Mouth breathing. Patients with mouth breathing, breathing from the mouth rather than the nose exhibit malodor. This is because the oral balance changes because the oral breathing leads to xerostomia. Oral breathing can exhibit patients with sinusitis, with obstruction of the respiratory tract, with sleep apnea, bold sygkelisiaka problems.

Metabolic syndromes. Malodor occurs in patients with metabolic syndromes, such as bulimia. The odor is due to the frequent emesis.

Treating oral malodor

Temporary solutions for treating bad breath:

Use mouthwashes antimicrobial

The chewing gum without sugar (xylitol) or mints.

Chewing parsley for clean breath.

It should be stressed that these practices, in addition to offering a transient and temporary solution, not a solution of the cause of bad breath.

The correct and complete address of the odor should begin with a visit to the specialist who in this case is the dentist, who will assess the situation and will be able to solve the problem or if it conceals some other morbid condition will guide you further medical attention.

It is estimated that the majority of bad breath cases, about 80% -90%, is directly related to the oral cavity and is treated by the dentist.

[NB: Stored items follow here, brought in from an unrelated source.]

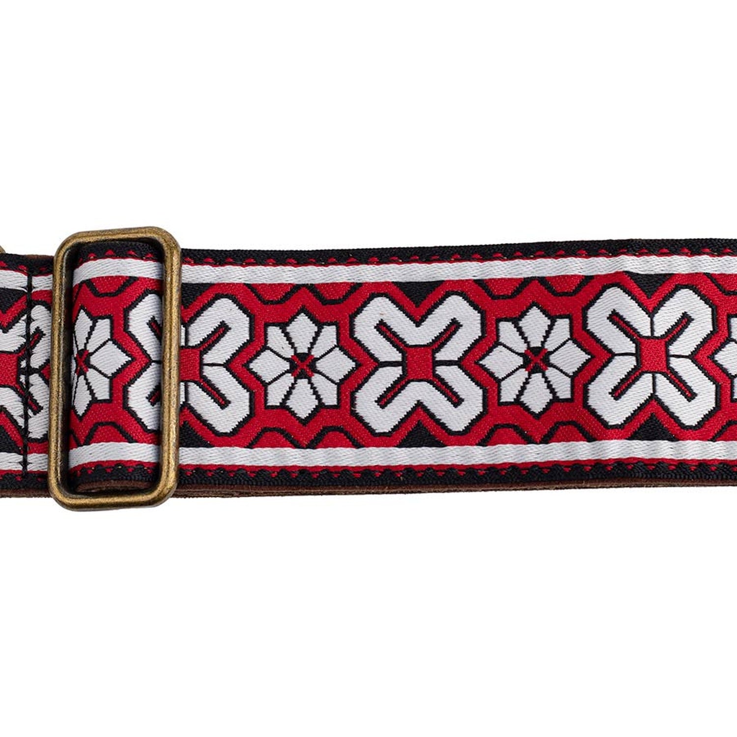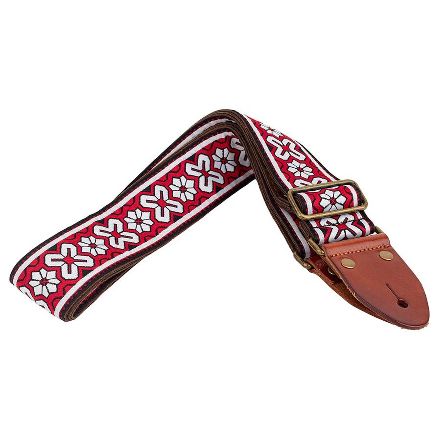 Guitar strap, 2" jacquard weave, leather ends with pins, brass buckle, suede back, red/white
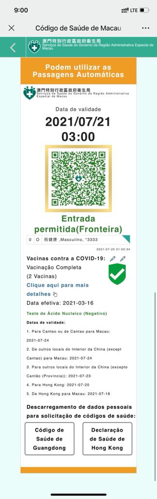 Para destacar as pessoas que já concluíram o processo de vacinação contra a COVID‑19 o Centro de Coordenação de Contingência do Novo Tipo de Coronavírus informa que a partir das 00H00 horas do dia 21 de Julho, será adicionada uma moldura dourada na parte exterior do Código QR do “Código de Saúde”, das pessoas que já tenham ultrapassado 14 dias após a vacinação. Será exibido, ainda, na parte inferior do código (lugar onde se coloca o registo de vacina), a expressão “Vacinação concluída(2 Vacinas)”.
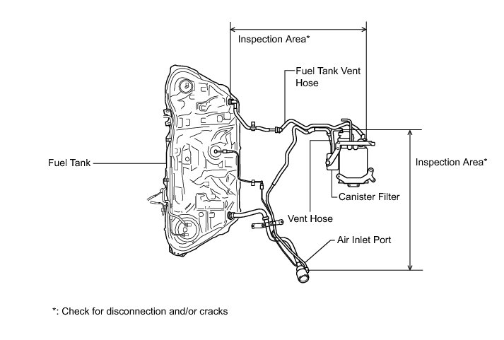 When replacing the canister, check the canister pump module interior and related pipes for water, fuel and other liquids. If liquids are present, check for disconnections and/or cracks in the following: 1) the pipe from the air inlet port to the canister pump module; 2) the canister filter; and 3) the fuel tank vent hose.
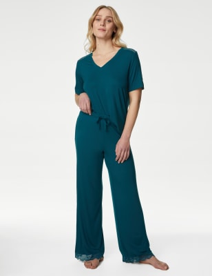 Womens Body by M&S Body Soft™ Wide Leg Pyjama Bottoms - Dark Teal, Dark Teal
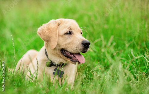 Labrador puppy posing for the camera in the green park
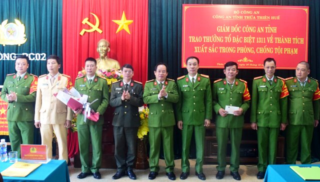 HNN.VN - Ngày 26/12, UVTV Tỉnh ủy, Giám đốc Công an tỉnh, Đại tá Nguyễn Thanh Tuấn đã trao thưởng, biểu dương tổ đặc biệt 1311 về thành tích xuất sắc trong phòng, chống tội phạm.
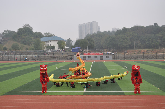 开幕式后,举行了大型的团体操表演。2013级同学表演了《七彩阳光》广播体操、《旭日东升》武术操,2014级同学表演了《毛氏六段锦》、《小苹果》,学校龙狮队表演了《舞龙舞狮》。
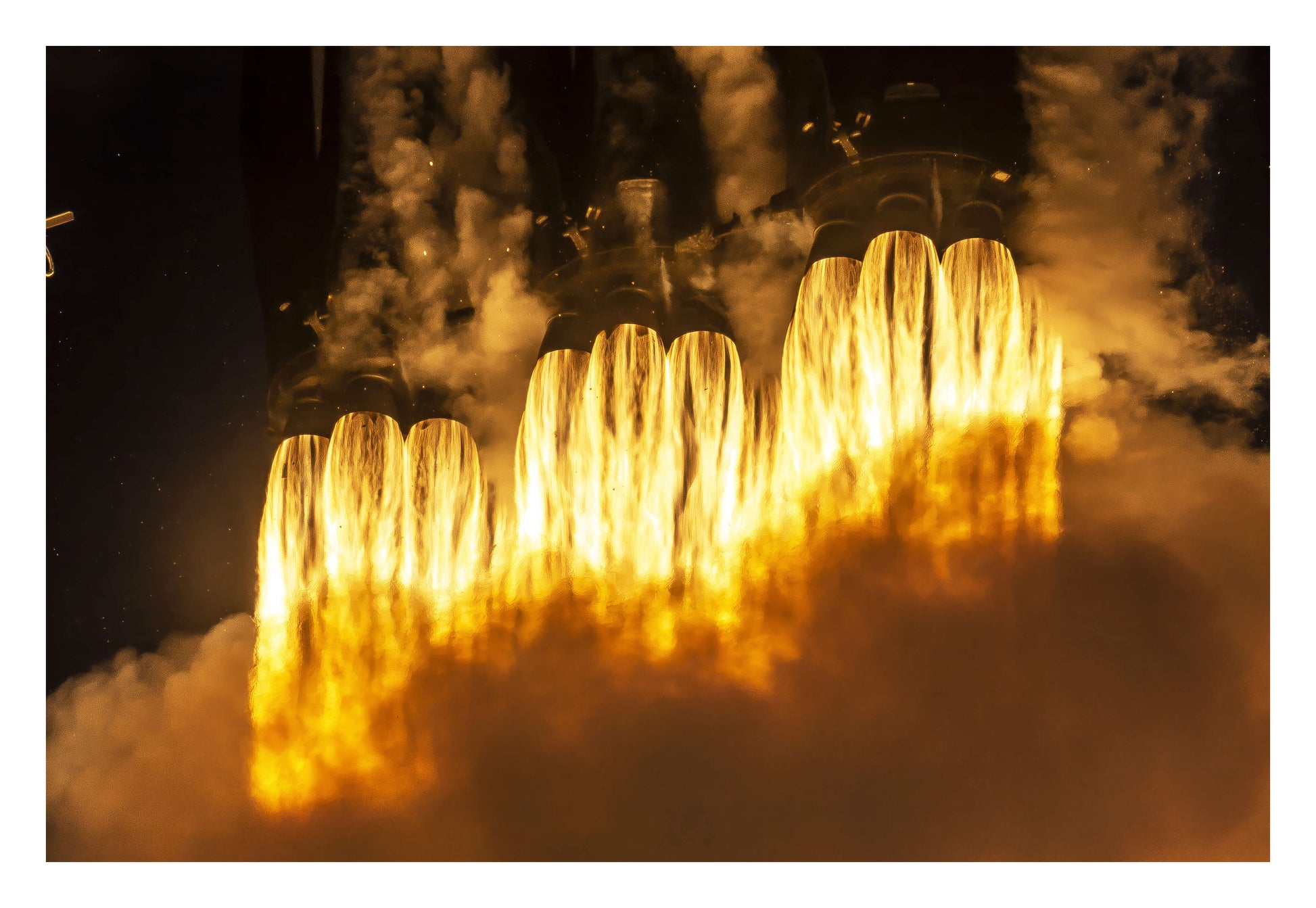 This framed artwork captures the raw power of a rocket's liftoff, showcasing brilliant flames and energy, perfect for inspiring ambition.

Useful tips for solving the problem is:

Good oral hygiene. Using the appropriate toothbrush and toothpaste at least twice a day, flossing and cleaning the top of the language is the best tool we have for tackling unpleasant breath. The dentist is properly trained for teaching the correct brushing technique.

Good oral hydration. Better hydration to maintain balance in the mouth and the saliva, the water consumption. If rhinitis (e.g. allergic) or sleep apnea or snoring, the use of a nasal spray helps to maintain and hydrated nasal passages.

Clean prostheses. If the odor is due to mobile prostheses (dentures) should be adhered to some simple guidelines:

– Remove the denture after food intake and this purification,

– Brushing the teeth with a toothbrush and toothpaste when oral hygiene,

– Remove the denture for 3-4 hours a day

– Keeping it in accordance with the dentist’s instructions.

Attention to diet. Avoid foods that have a strong odor, such as garlic or coffee. We enrich our daily diet with fruits Ms. vegetables because they contain water quantity. Add controlled carbohydrate (eg cereals) in our diatrofologio to avoid ketosis.

Food for clean breath. Foods that can help maintain a clean breath is tea drinks or mint. Their tea polyphenols are natural barriers to the growth of bacteria.

Visiting a dentist. The dentist will be able to give appropriate solution in cases of decayed teeth, gum disease (periodontal disease), abscesses and other conditions that can cause or worsen bad breath.

Finally it should be emphasized that the unpleasant odor observed the morning after the night’s sleep is not necessarily abnormal finding. However, the expert will be able to give answers to odor issues are the dentist. Two visits per year precaution is necessary.